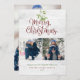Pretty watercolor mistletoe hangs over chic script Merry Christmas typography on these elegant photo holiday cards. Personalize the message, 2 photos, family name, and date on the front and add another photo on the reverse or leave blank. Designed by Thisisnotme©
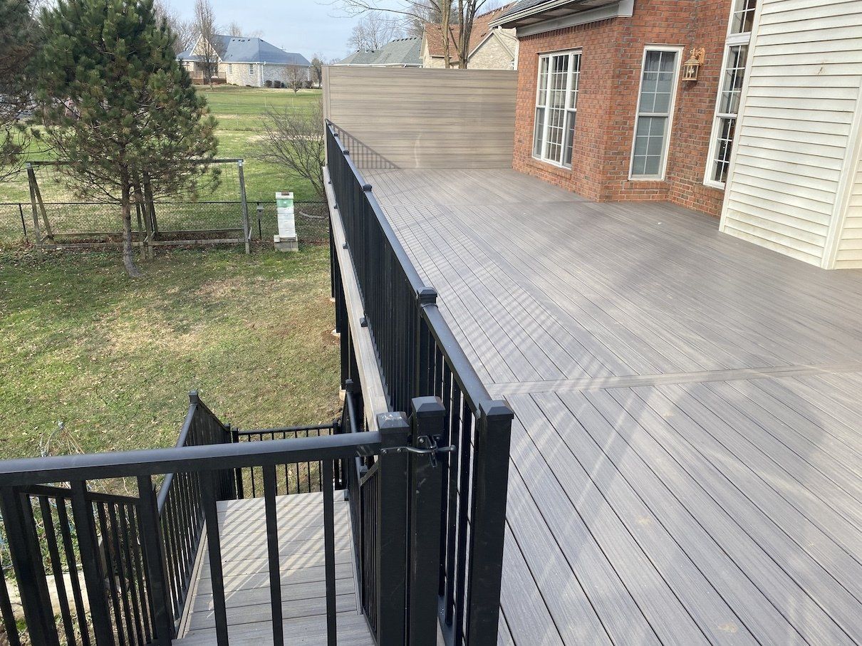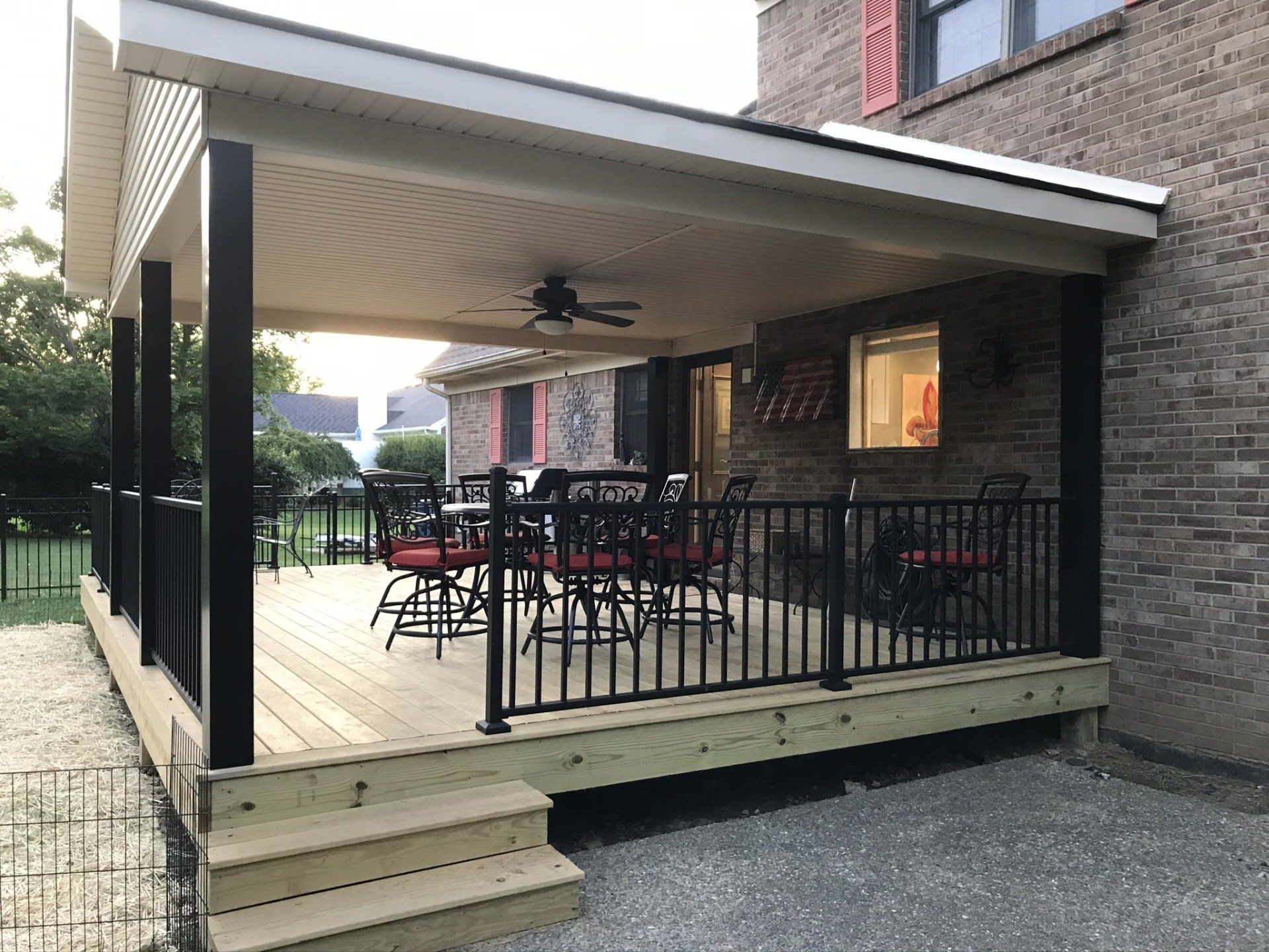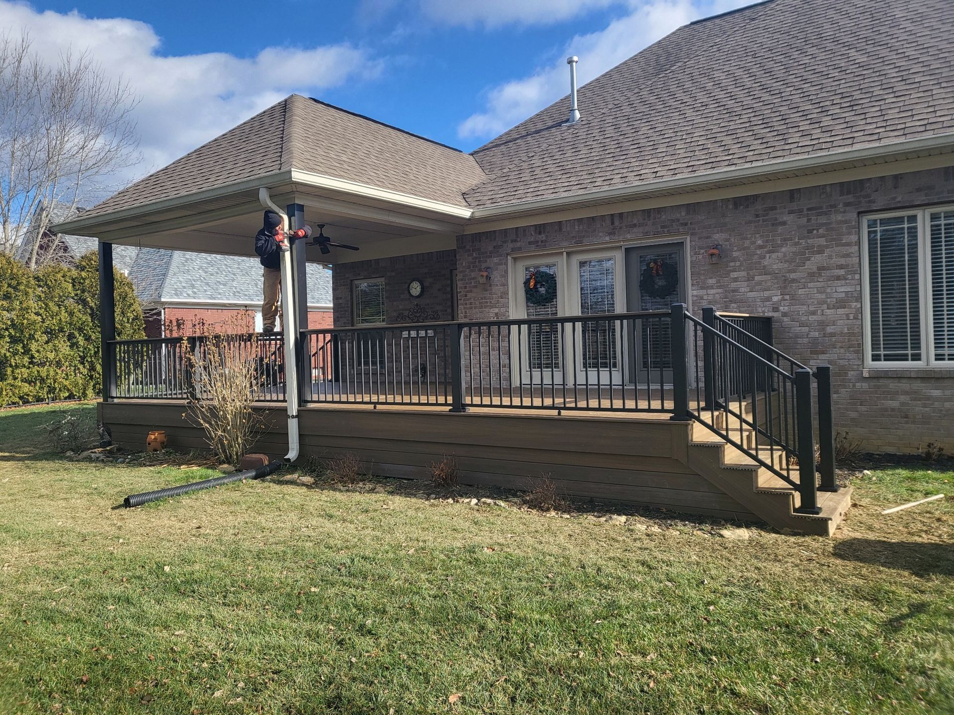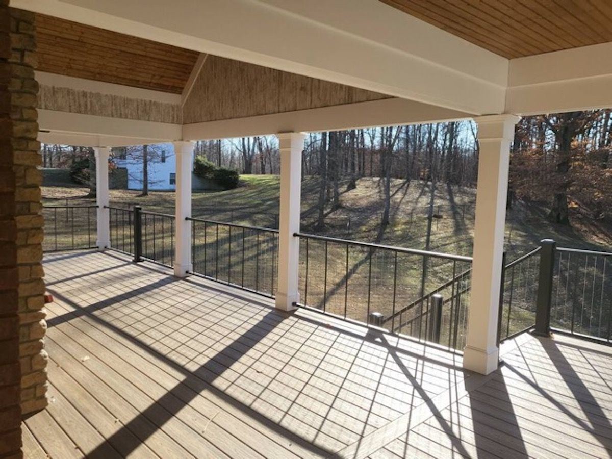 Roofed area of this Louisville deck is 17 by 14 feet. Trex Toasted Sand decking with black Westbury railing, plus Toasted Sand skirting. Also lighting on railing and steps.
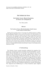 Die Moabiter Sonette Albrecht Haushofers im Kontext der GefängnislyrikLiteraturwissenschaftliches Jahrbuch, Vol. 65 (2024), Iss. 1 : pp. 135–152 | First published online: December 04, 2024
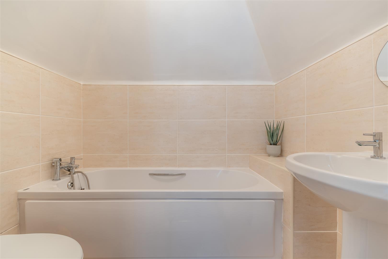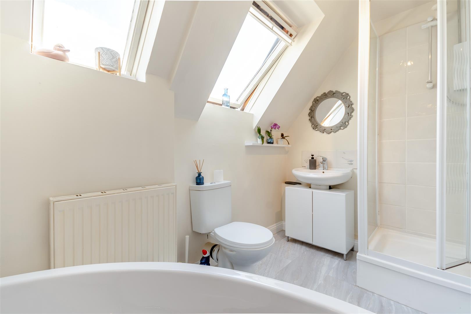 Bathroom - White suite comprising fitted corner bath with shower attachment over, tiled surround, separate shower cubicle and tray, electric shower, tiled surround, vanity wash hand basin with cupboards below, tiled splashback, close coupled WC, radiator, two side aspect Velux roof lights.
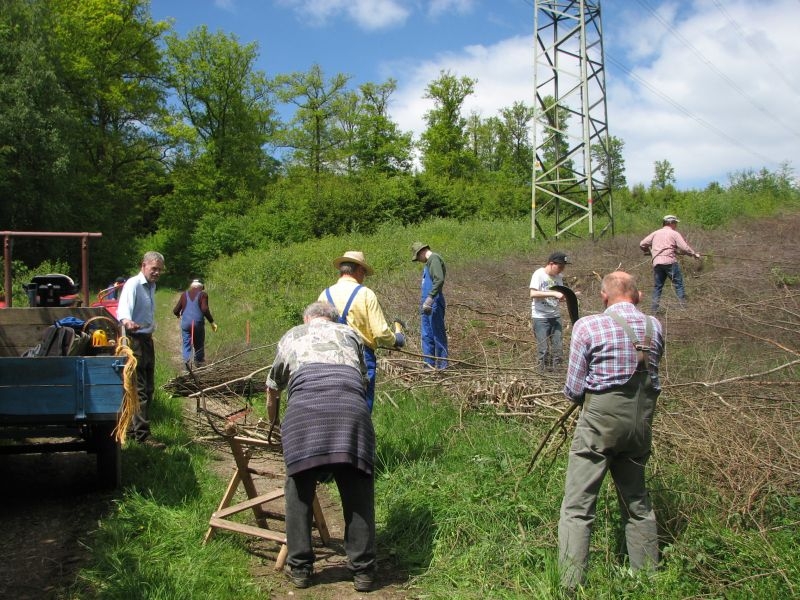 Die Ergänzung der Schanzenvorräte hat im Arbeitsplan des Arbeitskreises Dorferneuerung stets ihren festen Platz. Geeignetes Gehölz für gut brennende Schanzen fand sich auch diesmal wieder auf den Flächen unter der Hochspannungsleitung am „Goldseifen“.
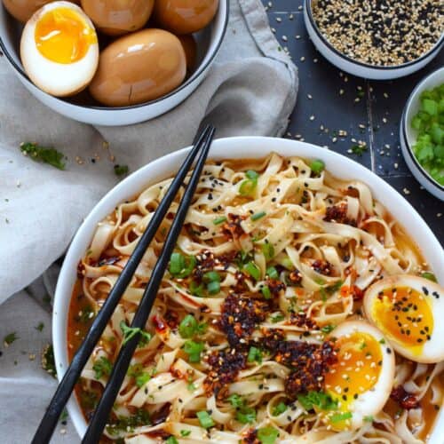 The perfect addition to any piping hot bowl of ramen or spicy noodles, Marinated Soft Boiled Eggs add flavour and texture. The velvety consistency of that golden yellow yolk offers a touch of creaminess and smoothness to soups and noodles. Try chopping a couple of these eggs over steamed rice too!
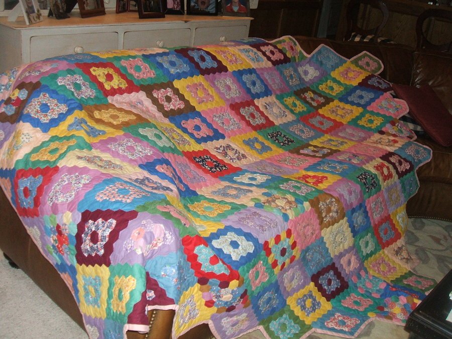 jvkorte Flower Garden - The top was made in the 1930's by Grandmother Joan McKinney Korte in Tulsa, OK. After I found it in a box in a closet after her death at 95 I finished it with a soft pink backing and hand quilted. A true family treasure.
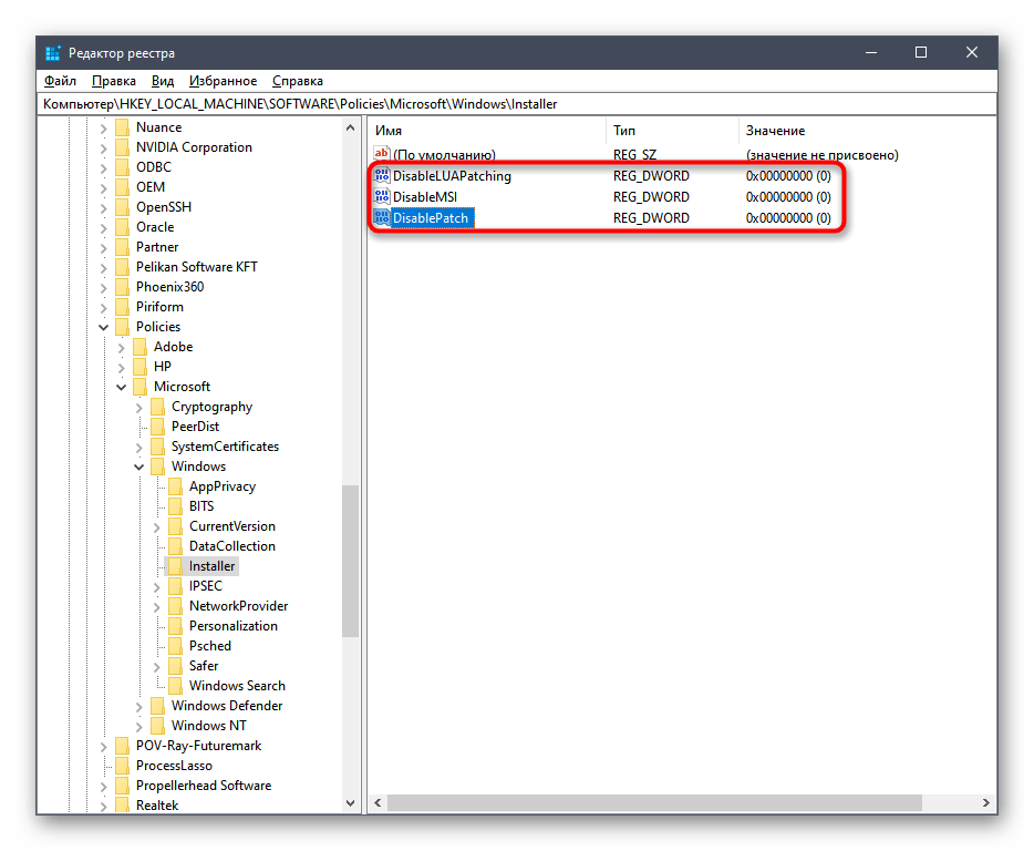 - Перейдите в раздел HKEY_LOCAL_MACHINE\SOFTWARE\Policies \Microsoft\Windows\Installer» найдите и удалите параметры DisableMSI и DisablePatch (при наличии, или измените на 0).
====================
### WHAT TO WORK ON
Output an exact copy of the material, with the pictures removed.

### TASK OUTPUT
Pretty watercolor mistletoe hangs over chic script Merry Christmas typography on these elegant photo holiday cards. Personalize the message, 2 photos, family name, and date on the front and add another photo on the reverse or leave blank. Designed by Thisisnotme©
 Roofed area of this Louisville deck is 17 by 14 feet. Trex Toasted Sand decking with black Westbury railing, plus Toasted Sand skirting. Also lighting on railing and steps.
 Die Moabiter Sonette Albrecht Haushofers im Kontext der GefängnislyrikLiteraturwissenschaftliches Jahrbuch, Vol. 65 (2024), Iss. 1 : pp. 135–152 | First published online: December 04, 2024
 Bathroom - White suite comprising fitted corner bath with shower attachment over, tiled surround, separate shower cubicle and tray, electric shower, tiled surround, vanity wash hand basin with cupboards below, tiled splashback, close coupled WC, radiator, two side aspect Velux roof lights.
 Die Ergänzung der Schanzenvorräte hat im Arbeitsplan des Arbeitskreises Dorferneuerung stets ihren festen Platz. Geeignetes Gehölz für gut brennende Schanzen fand sich auch diesmal wieder auf den Flächen unter der Hochspannungsleitung am „Goldseifen“.
 The perfect addition to any piping hot bowl of ramen or spicy noodles, Marinated Soft Boiled Eggs add flavour and texture. The velvety consistency of that golden yellow yolk offers a touch of creaminess and smoothness to soups and noodles. Try chopping a couple of these eggs over steamed rice too!
 jvkorte Flower Garden - The top was made in the 1930's by Grandmother Joan McKinney Korte in Tulsa, OK. After I found it in a box in a closet after her death at 95 I finished it with a soft pink backing and hand quilted. A true family treasure.
 - Перейдите в раздел HKEY_LOCAL_MACHINE\SOFTWARE\Policies \Microsoft\Windows\Installer» найдите и удалите параметры DisableMSI и DisablePatch (при наличии, или измените на 0).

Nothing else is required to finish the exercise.